If Trump won’t tone it down, then other elected and political officials need to do it for him.
The country, particularly the Republican party, doesn’t have to keep giving Trump top billing. In terms he might understand, it’s time to move the former president out of the news-making penthouse with satellite service at the Ritz and check him into a room at a budget hotel that only has basic cable.
And maybe, in time, as he fades into irrelevancy, others will stop paying so much attention to so many false claims and attacks on democracy. And stop mimicking his bad behavior, particularly as the country is in an election year — one that I hope we can conduct without sore losers storming the Capitol because Trump told them to take matters into their own hands.

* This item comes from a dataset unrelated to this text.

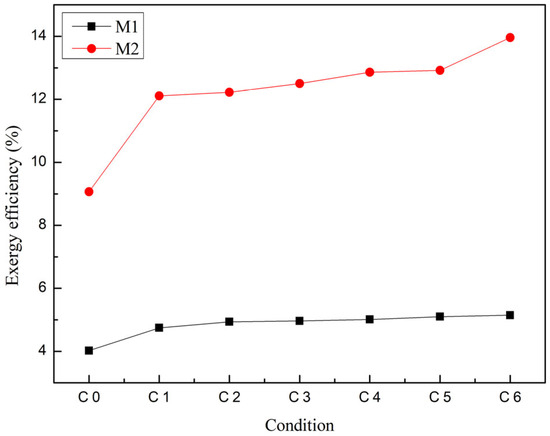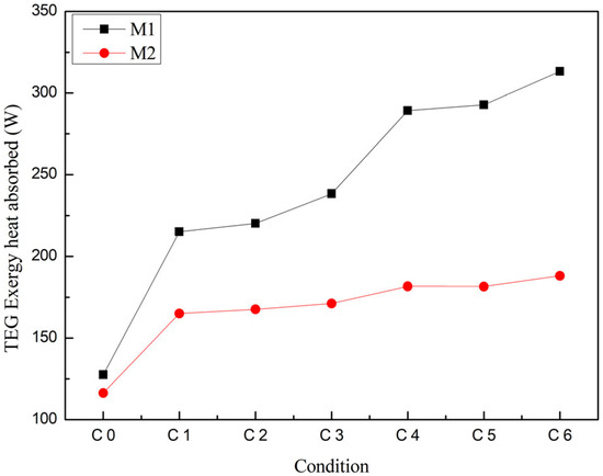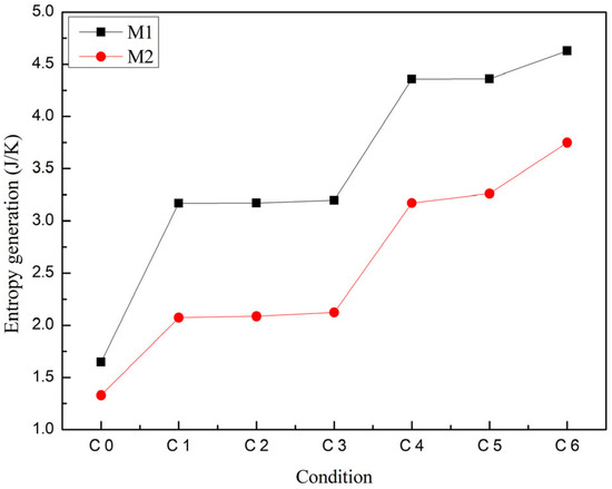 Figure 10. This is because M2 exhibits a superior performance, making the thermoelectric conversion process more efficient and reducing irreversible processes within the system. Firstly, the high efficiency of M2 means that more thermal energy is converted into electrical energy rather than being wasted, thereby reducing unnecessary thermal energy losses. Secondly, due to the lower thermal conductivity of M2, heat transfer within the system is more efficient, reducing the heat losses. These characteristics collectively result in a reduction in irreversible processes within the system when using M2, thereby decreasing the generation of entropy. In terms of waste heat recovery, higher entropy generation may imply an exacerbation of the system impact on the environment, as an increase in entropy indicates a greater irreversibility within the system, leading to more difficult recovery of heat energy that may be lost to the environment. Therefore, by optimizing the design of thermoelectric generators to reduce entropy generation, the efficiency and performance of waste heat recovery systems can be improved, reducing energy waste and achieving more effective energy utilization.

In particular, responsible members of Trump’s adopted Republican party — he is an opportunistic Republican, who saw easy pickings for his brand of attack politics — need to show they believe in something more than the next fundraiser at Mar-a-Lago. They need to show they are not afraid of the bully.
Like former Vice President Mike Pence did last week.
Pence spoke up and spoke out at a gathering of conservative lawyers meeting in Florida, telling the group — and the American public — that “President Trump is wrong” in claiming Pence could have and should have overturned the legally verified results of the 2020 presidential election. The election Trump lost fair and square, not that he ever won anything fair and square.
Pence said it would have been “un-American” for him to overturn the election results. He actually got a round of applause for his remarks. No doubt some of the lawyers figured Trump would not recognize them behind face masks.
Sadly, on the same day as Pence was telling the truth, the Republican National Committee held its winter meeting in Salt Lake City and voted overwhelmingly to censure two Republicans for serving on the House committee investigating the Jan. 6 attack on the Capitol.
A statement by the chair of the Republican National Committee defending the rioters for their “legitimate political discourse” prompted strong rebukes from Alaska Sen. Lisa Murkowski and Rep. Don Young, both solid Republicans. Murkowski wrote, “We cannot allow a false narrative to be created. We cannot deny the truth” of the effort to overturn the election.
Alaska’s other U.S. senator, Dan Sullivan, was silent, as he usually is when Trump is involved. Too bad he is missing in inaction.
Thank you to Murkowski and Young, and especially the former vice president, for speaking up and standing up for truth over Trump. In time, maybe more will do the same and the former president will find fewer people willing to follow his destructive path.